The Path to Compliance: Community Standards

The Path to Compliance: Community Standards

HOA standards are a measure put in place to maintain the beauty and quality of the community at large.  Homeowners agree to these standards when they purchase their new homes but over time can forget what needs to be done to stay in compliance.  Getting your residents to comply with HOA standards does not have to be a difficult task, if done the right way a potentially contentious situation can be turned into a positive exchange with productive results.

Leland Management’s Jacksonville Division Director, Doug Harrier has found that when ybrworking with an association on community compliance, resident   education and good communication are paramount.

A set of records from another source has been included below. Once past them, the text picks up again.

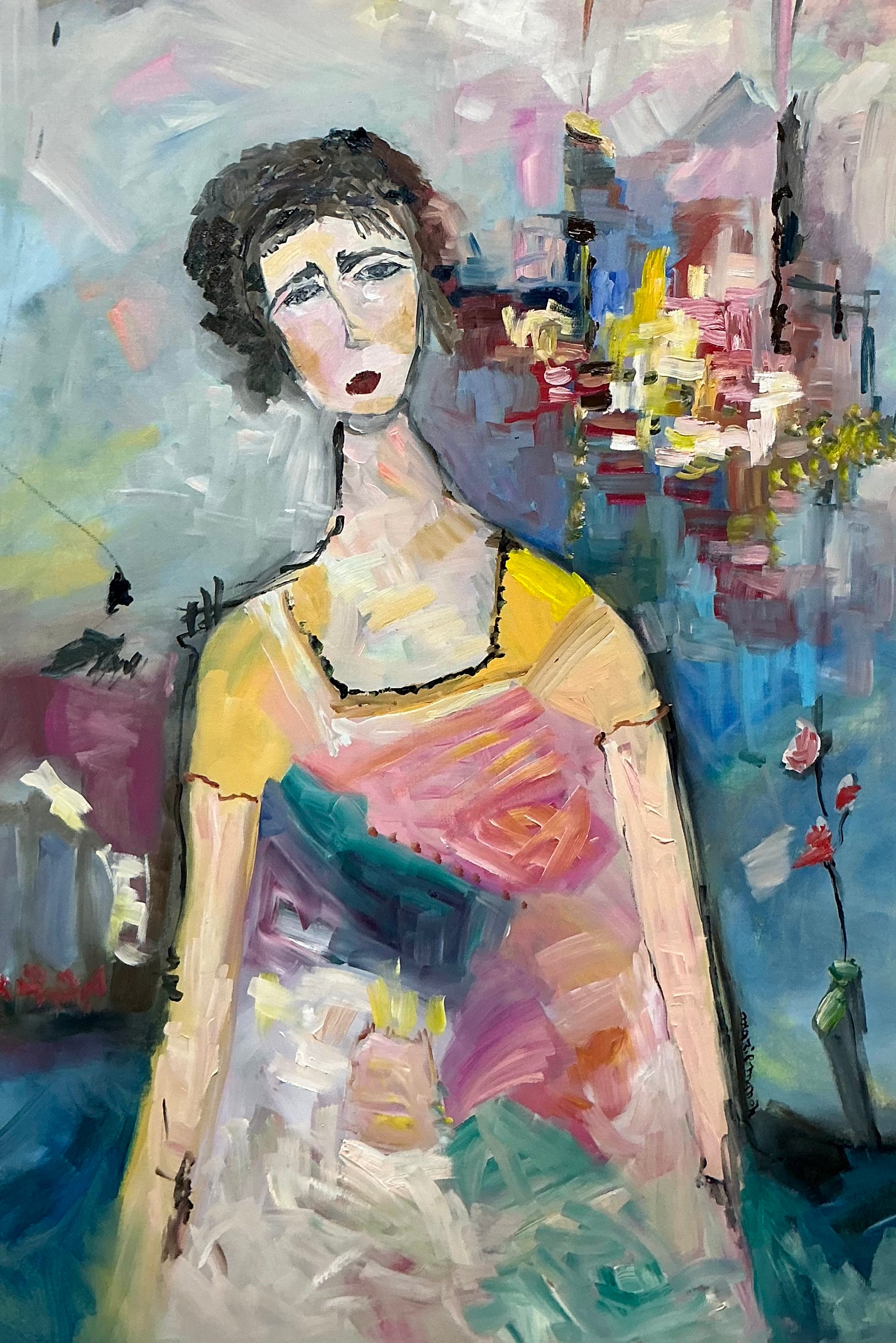 The woman in this portrait feels thoughtful and slightly distant, as if she belongs to two worlds at once. Behind her, the city unfolds in vibrant color, while her expression remains calm and grounded, holding onto memories of home.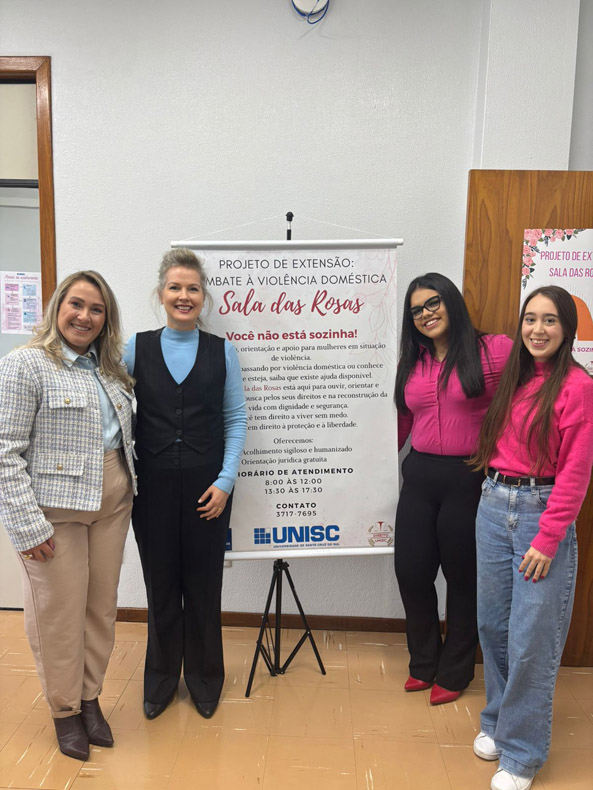 Assim surgiu a Sala das Rosas, um espaço de acolhimento sigiloso e orientação jurídica para vítimas de violência doméstica dentro da Unisc. Ele é desenvolvido por professores do curso de Direito, em parceria com o de Psicologia; sempre que uma mulher precisa de atendimento, é acolhida com orientações jurídicas e suporte mental.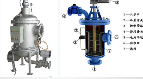 當水從進水口進入過濾器濾筒內部,雜質被攔截在過濾筒內壁,過濾后的干凈水從出水口流出,當濾筒內壁的雜質越積越多時,自清洗過濾器進出口的壓差達到預設值、達到清洗時間或手動預制時,過濾器將開始自清洗過程,整個自清洗過程包含兩個步驟:打開位于自清洗過濾器上的自動排污閥;電機帶動自清洗過濾器濾網內的清洗刷,被濾網所攔截下來的雜質從排污閥排出,清洗時系統不斷流,自清洗過濾器的整個運行過程由隨機配備的一個智能控制箱來控制。控制方式可選壓差、時間、手動及PLC控制。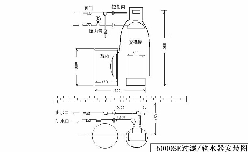 3.均勻布水系統(tǒng):采用射流式布水,樹脂有效交換容量得以充分發(fā)揮,用鹽控制精確,無須鹽泵。

“We have seen that educating our homeowners about how to maintain their property to the community standards greatly decreases the chances they will receive a violation letter.”  Education can be done in many forms ranging from flyers and posters to seminars.   Harrier cites his experience using education as a tool in a community battling chinch bugs.  “Once we noticed there was a problem, we immediately got information out to the homeowners to make them aware of the situation.  Additionally, we set up a page on the community website where people could visit if they had any questions on prevention or what to do if they were effected.”  This type of education and proactive communication brought the situation to the resident’s attention and painted it as a challenge for the entire community, creating a sense of unity among the homeowners.  This type of mentality tends to curb finger pointing and increases the understanding that the board and the management company are aware that many owners are having this issue and are working         together on the solution.  Whereas, if individual letters were sent out to owners about the quality of their yard, these owners may have felt singled out or angry, thinking that they were the only one identified with the problem.

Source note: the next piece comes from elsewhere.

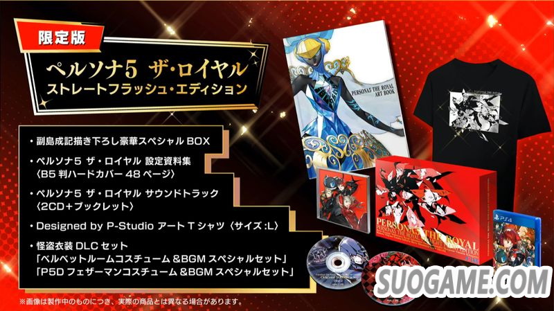 最后则是商品介绍以及限定版的展示。本作的限定版包含豪华包装盒、设定资料集(B5开、48页)、原声CD(1张盘+小册子)、P-Studio设计的艺术T恤(尺码L)、怪盗服装DLC套装(天鹅绒房间服装与BGM、P5D舞者服装与BGM),价格13800日元+税。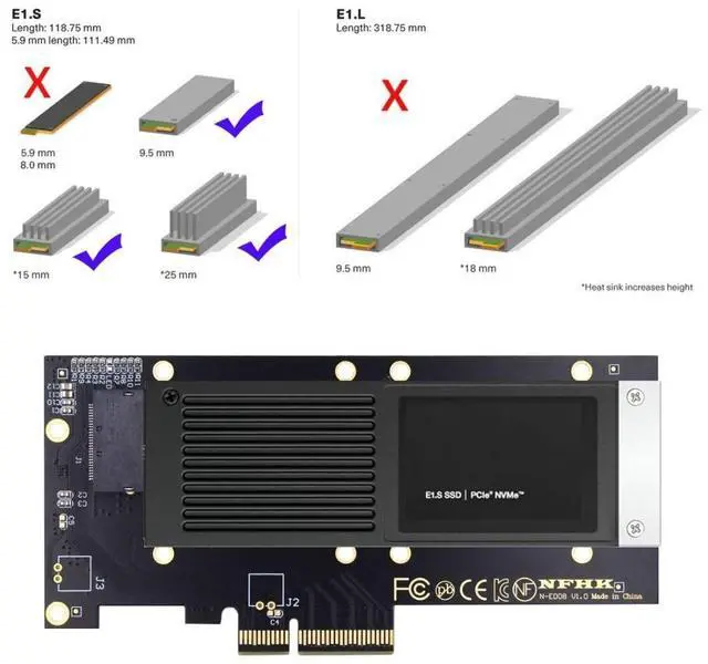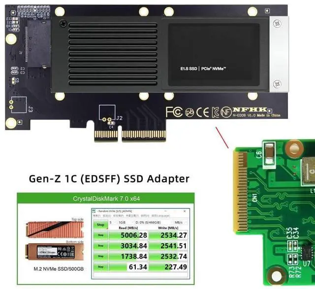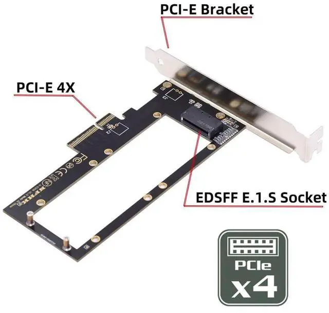This converter enables the connection of a GEN-Z SSD in E1. S. Fit for 9.5 mm & 15mm & 25mm thickness SSD with heat sink. like PM9A3 PM9D3 P5801X) Low profile and Regular size PCIe bracket on board. The converter can be installed into your system internally through the PCI-E 4X interface. Thus an EDSFF E1. S SSD becomes an PCI-E SSD, which can be used in IoT, data center and server area. Compliant with PCI Express 4.0. No driver installation is required. Most of the latest operating systems support PCIe-NVMe SSDs.

Proper education allows us to proactively address and/or prevent any compliance issues.  Providing information on: how to prevent the most common violations, typical warning signs, and easy but effective ways to keep a property up to the community’s standards are non-intrusive ways to remind people of how their property should look.  Harrier states that, “Sending out information to all of your homeowners at the beginning of the spring about the proper way to maintain their lawn is a great way to get the issue front and center without singling anyone out.  It is the community’s way of gently reminding people that we are going to be taking a close look at your lawns, follow these steps and you will be fine.” 

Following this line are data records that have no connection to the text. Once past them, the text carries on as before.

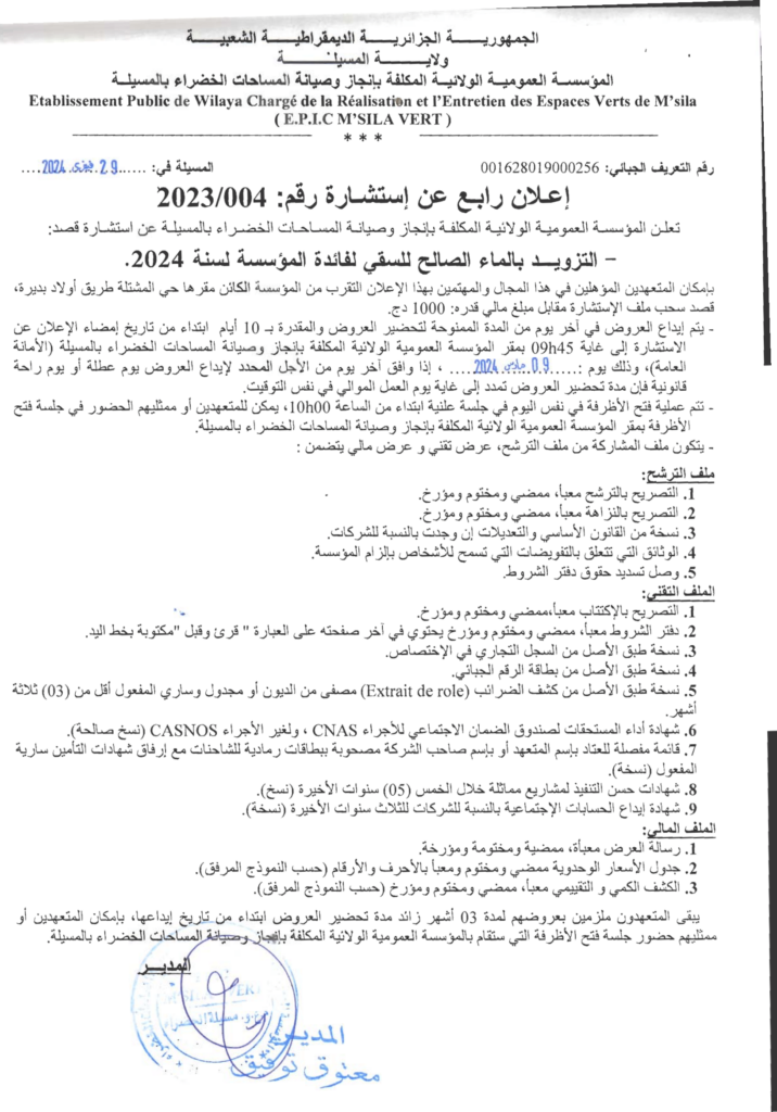 استشارة لأجل: التزويد بالماء الصالح للسقي لفائدة المؤسسة لسنة 20244 مارس، 20240 10 شاركها فيسبوك X مشاركة عبر البريد طباعة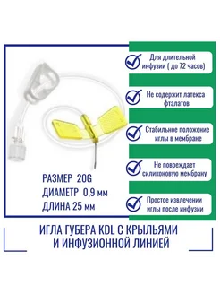 Иглы Губера KDL 20G (0 9мм) х 25мм с крыльями 3шт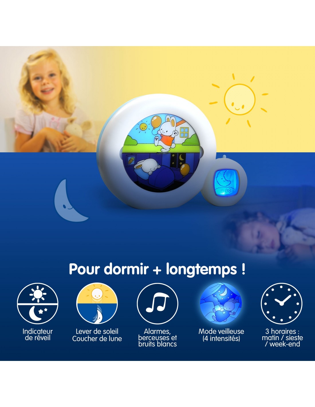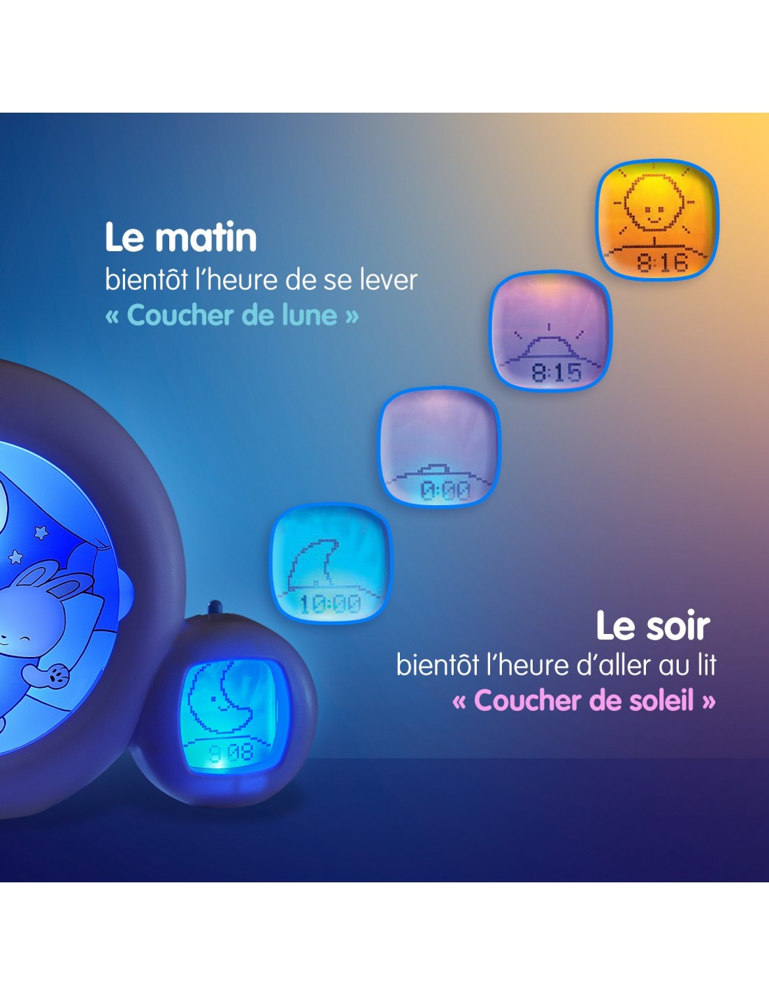 Le Kid’Sleep Moon est un indicateur de lever tout-en-un qui aide l’enfant à savoir si c’est encore l’heure de dormir ou si c’est l’heure de se lever. Si la figurine est illuminée en position de sommeil avec la lune, c’est encore l’heure de dormir. Au matin, lorsque la lune commence à se coucher (durée ajustable), l’enfant sait que c’est bientôt l’heure de se lever ! A l’heure réglée par les parents, le soleil se lève et la figurine passe en position réveillée, l’enfant sait qu’il peut se lever ! Les parents ont la possibilité de programmer 3 différentes heures: une pour le matin, une pour la sieste et une pour le weekend ! Au réveil, le passage de la position couchée/lune à la position réveillée/soleil peut se faire avec 4 alarmes à choix ou en silence pour respecter le sommeil de l’enfant ! Le Kid’Sleep peut être utilisé dès la naissance comme une veilleuse traditionnelle. Pour aider leur enfant à s’endormir, les parents peuvent mettre en route l’une des 4 berceuses disponibles : 2 musiques, fontaine ou battement du cœur intra-utérin)!

When it comes to association standards, good communication is key.   Without proper and effective communication, the board and the management company will not be able set the overall tone as to how the association’s rules are going to be enforced.   Make sure the standards are communicated clearly to the residents (in many different ways).  People are busy and sometimes forget the standards; the easier you can make it for them to understand how to do their part, the less violations will need to be issued. Making sure people know the standards as well as what steps the community will take when they are out of compliance will prevent many headaches for the board and the homeowner.  At Leland we offer courses for our communities on topics related to their specific community standards.  Not only is this a great way to get to know the residents, but it is an excellent way to spread the word about how to keep the community pristine.

Compliance with community standards does not have to be a challenge. For the most part homeowners chose to reside in an association because they want the benefit of living in a nice community with standards.  With proper education and the ability to distribute information effectively, people will not only understand the requirements but will be encouraged to keep up with their property, resulting in an amicable relationship between the board, the management company and the residents.